In ARI v WXJ, the English High Court has ruled that the appointment of an arbitrator may be valid, regardless of whether a binding contract had been concluded. Instead, what is essential is whether there has been a “clear and unconditional communication of acceptance of the appointment by the arbitrator”, and whether such communication has been notified to the other party. Alternatively, it is sufficient for there to be communication of an unconditional willingness by the arbitrator to accept the appointment, and for the appointing party to act on this by communicating the appointment both to the appointee and to the other party. This flexible approach has benefits, but may sometimes lead to arbitrators being appointed without their knowledge, or before fees are agreed.

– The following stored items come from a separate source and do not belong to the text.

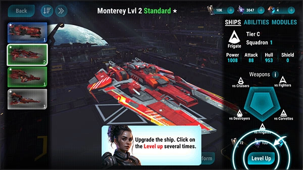2、舰船是游戏里的核心要素。持续提升舰船等级,能够增强其作战能力与资源采集效率。集中精力升级舰船,能让你更好地应对实力更强的敌人,同时获取更多资源。借助研究树来提升科技水平,有利于解锁新型舰船、更高效的资源生产方式以及更强大的战斗能力。你可以根据自身需求,优先研究那些对战斗或资源采集有帮助的科技。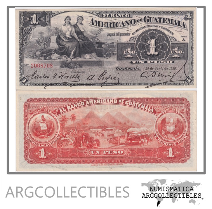 Guatemala Billete 1 Peso 1918 P-S-111b AU (Escrito/Pin Holes)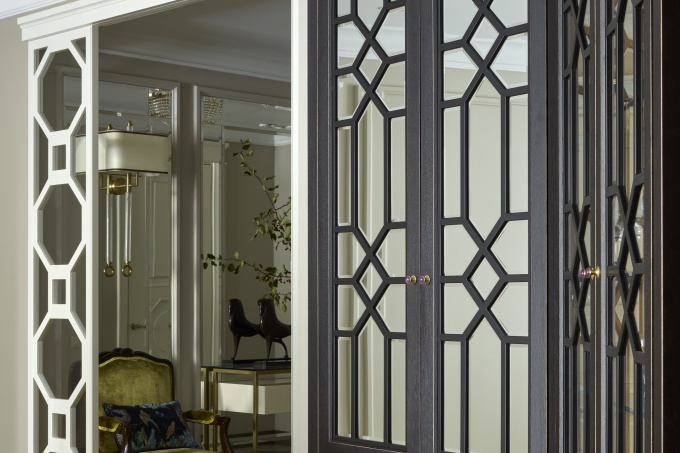 Квартира площадью 180 кв. м расположена в жилом комплексе «Резиденция на Суворовском» В Санкт-Петербурге. Ее владельцы – семейная пара с ребенком – обратилась к дизайнерам Андрею Юдину и Константину Новикову после того, как увидела их интерьер, созданный для знакомых. Заказчики метали об элегантной квартире с элементами классики, ар-деко и современности, с легкой атмосферой, мягкой цветовой палитрой, фактурой дерева и авторскими изделиями.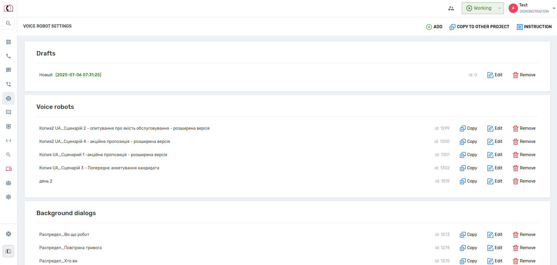 Creating an effective Voice Bot starts with an intuitive interface. The “Voice Bot Settings” page in UniTalk is your command center, where you can centrally manage all dialogue automation. Here, you not only create new bots but also control all drafts, copy successful models to other projects, and quickly obtain technical IDs for API integrations. The benefit for you? You gain complete control over automation and save time on routine processes.
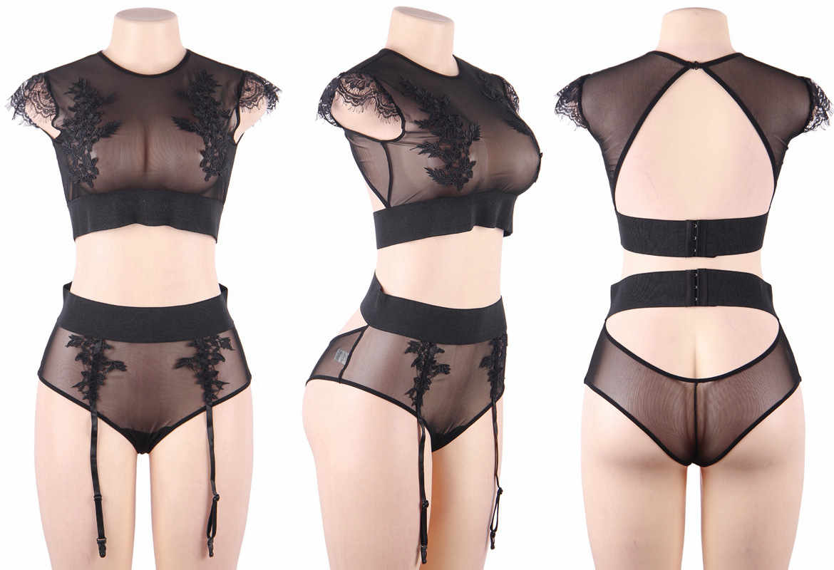 Plus Size Underwear Suit Mesh See-through Sexy Garter Adjustable White Sexy Sleepwear

  1. UK publishes Hydrogen Sector Development Action Plan

The UK government has published a Hydrogen Sector Development Action Plan, which builds on its first Hydrogen Strategy of August 2021. The purpose of the Plan is to highlight the nature and scale of opportunities across the hydrogen economy in the UK. It focuses on four key areas - investment, supply chains, jobs and skills, and exports - and sets out the actions in those areas being taken by the government and industry to maximise the benefits from scaling up the UK hydrogen economy. The Plan is not exhaustive, and the government will continue to work with industry, investors and others to monitor events, adding new actions as it becomes clearer how the UK’s hydrogen economy will grow.

  1. Sierra Leone’s parliament passes new arbitration legislation

Sierra Leone's House of Parliament has passed the Arbitration Act 2022, which now awaits signature by President Julius Maada Bio. The new Act replaces existing legislation (chiefly Chapter 25 of the Laws of Sierra Leone 1960) which was based on the English Arbitration Act 1950. Among other things, the new Act deals with third party funding, allows for the establishment of the Sierra Leone International Arbitration Centre, and implements the country’s obligations under the New York Convention, which it joined in January last year.

  1. New guidance on the National Security and Investment Act 2021

The UK government has published Market Guidance Notes relating to The National Security and Investment Act 2021. This allows the government to assess and intervene in investments and other acquisitions of control that may give rise to national security risks. Whilst the Act itself already includes some guidance, the new Market Guidance Notes supplement this by answering questions and providing advice based on the first six months of the statute’s operation. In particular, the Note explains how to avoid common errors on notifications, and how to submit a single notification for multiple acquisitions. It also helps higher education institutions decide whether to make a notification at all.